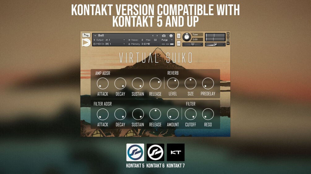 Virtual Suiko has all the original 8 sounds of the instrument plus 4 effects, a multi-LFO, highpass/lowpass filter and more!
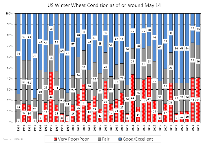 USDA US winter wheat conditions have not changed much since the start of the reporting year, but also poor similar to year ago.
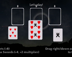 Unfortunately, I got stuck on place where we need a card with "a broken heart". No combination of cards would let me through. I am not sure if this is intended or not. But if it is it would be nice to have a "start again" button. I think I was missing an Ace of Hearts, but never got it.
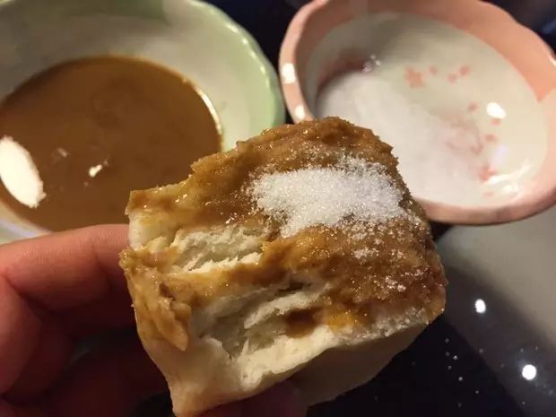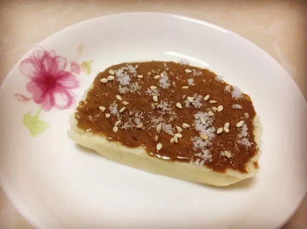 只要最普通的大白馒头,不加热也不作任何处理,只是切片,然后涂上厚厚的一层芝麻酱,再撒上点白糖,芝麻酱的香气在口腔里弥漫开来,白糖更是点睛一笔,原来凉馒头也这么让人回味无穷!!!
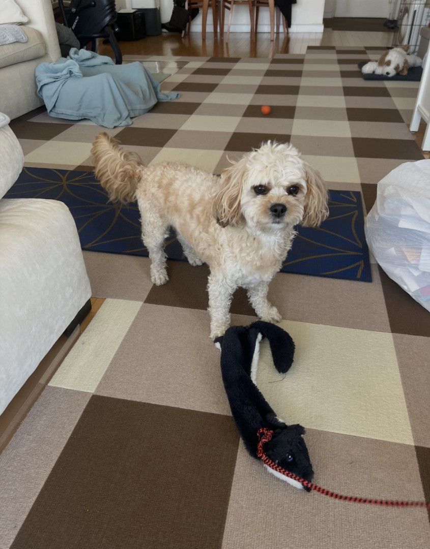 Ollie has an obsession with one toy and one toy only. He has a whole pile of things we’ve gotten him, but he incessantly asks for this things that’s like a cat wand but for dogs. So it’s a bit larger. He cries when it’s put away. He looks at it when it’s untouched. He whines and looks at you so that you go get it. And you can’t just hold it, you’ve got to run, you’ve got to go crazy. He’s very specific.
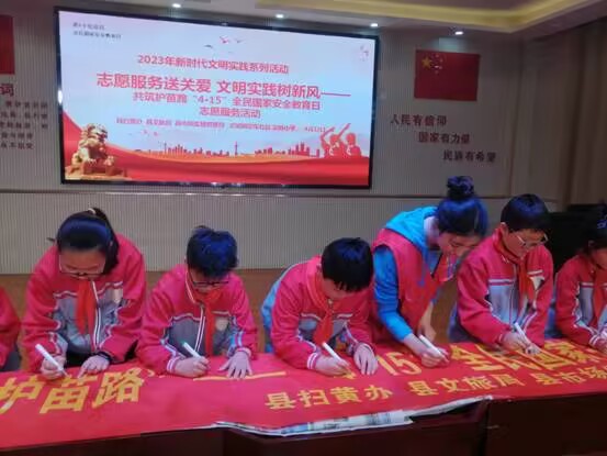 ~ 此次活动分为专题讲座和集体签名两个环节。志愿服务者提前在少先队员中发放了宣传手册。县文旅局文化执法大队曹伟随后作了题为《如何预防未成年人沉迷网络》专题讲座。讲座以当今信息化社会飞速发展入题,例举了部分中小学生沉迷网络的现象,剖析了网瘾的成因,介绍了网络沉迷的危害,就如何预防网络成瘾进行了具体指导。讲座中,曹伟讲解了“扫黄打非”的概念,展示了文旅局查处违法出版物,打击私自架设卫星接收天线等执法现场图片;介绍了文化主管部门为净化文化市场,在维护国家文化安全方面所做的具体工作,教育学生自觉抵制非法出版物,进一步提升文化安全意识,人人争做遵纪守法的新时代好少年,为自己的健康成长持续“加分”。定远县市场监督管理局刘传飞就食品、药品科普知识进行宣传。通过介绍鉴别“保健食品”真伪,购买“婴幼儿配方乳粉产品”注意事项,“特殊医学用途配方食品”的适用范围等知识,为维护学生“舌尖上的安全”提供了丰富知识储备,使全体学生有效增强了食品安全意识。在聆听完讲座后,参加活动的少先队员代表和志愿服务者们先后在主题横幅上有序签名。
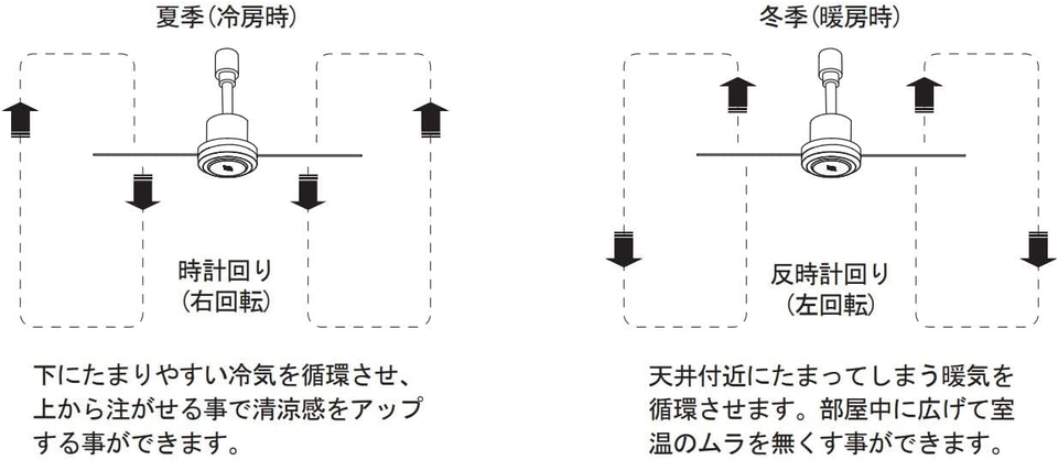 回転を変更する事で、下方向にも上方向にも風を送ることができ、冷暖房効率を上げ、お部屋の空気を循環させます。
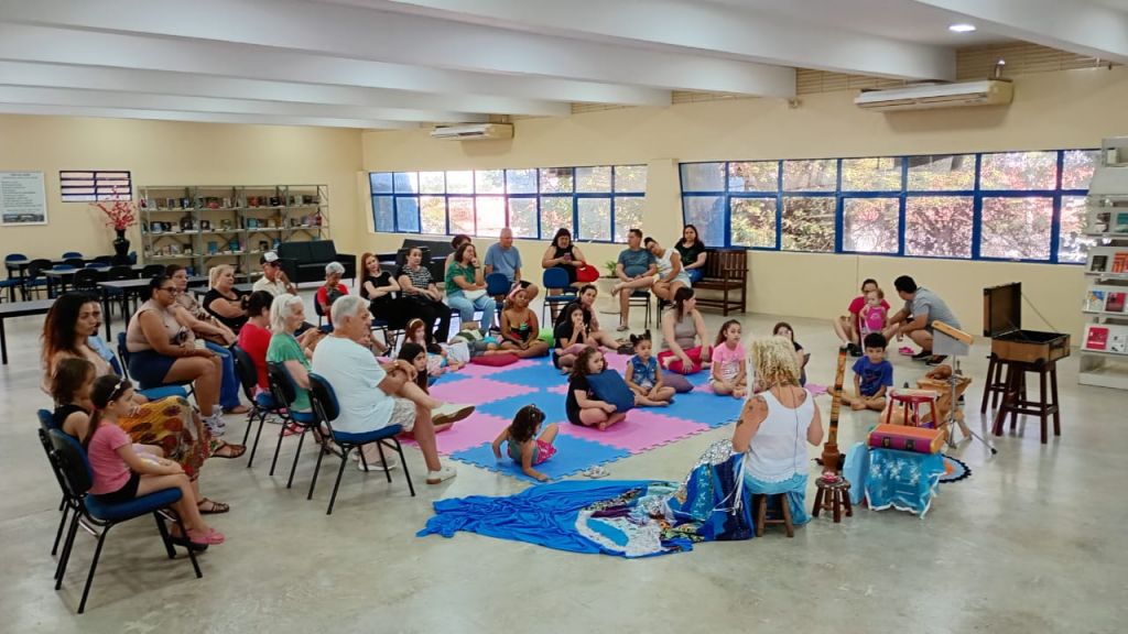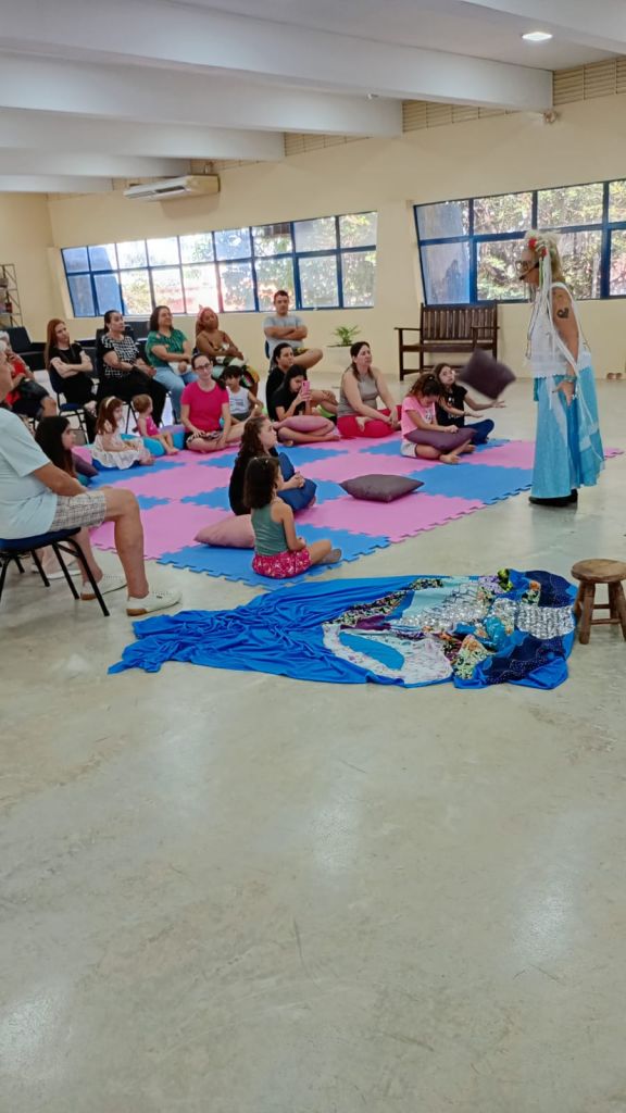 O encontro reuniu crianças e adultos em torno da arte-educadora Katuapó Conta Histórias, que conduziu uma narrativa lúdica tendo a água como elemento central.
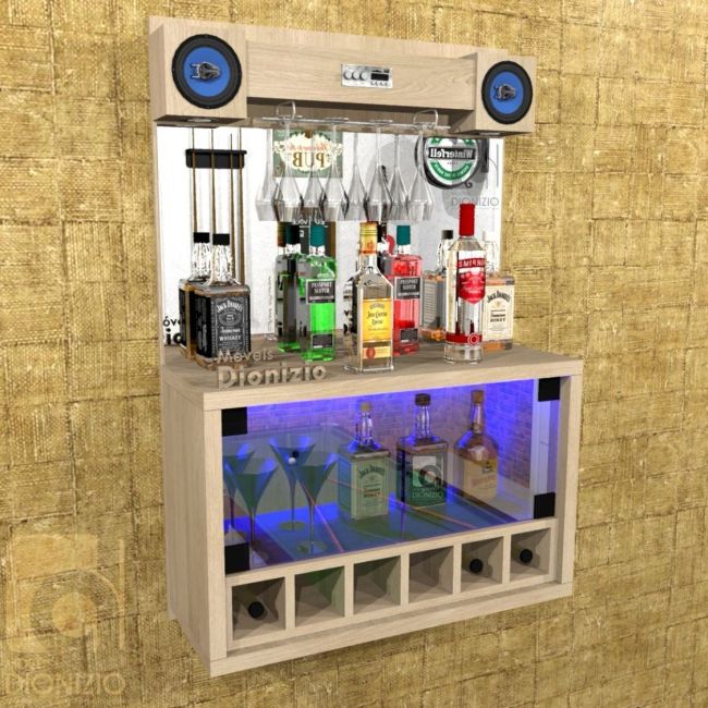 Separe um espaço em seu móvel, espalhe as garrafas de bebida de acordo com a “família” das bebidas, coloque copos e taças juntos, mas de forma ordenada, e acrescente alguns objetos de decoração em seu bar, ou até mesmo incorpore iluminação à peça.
= = = =
#### Exercise directions
While leaving pictures out, reproduce exactly the lines from the beginning of the listing above through the line containing "USDA US winter", both ends included.

#### Result of this exercise
 Virtual Suiko has all the original 8 sounds of the instrument plus 4 effects, a multi-LFO, highpass/lowpass filter and more!
 USDA US winter wheat conditions have not changed much since the start of the reporting year, but also poor similar to year ago.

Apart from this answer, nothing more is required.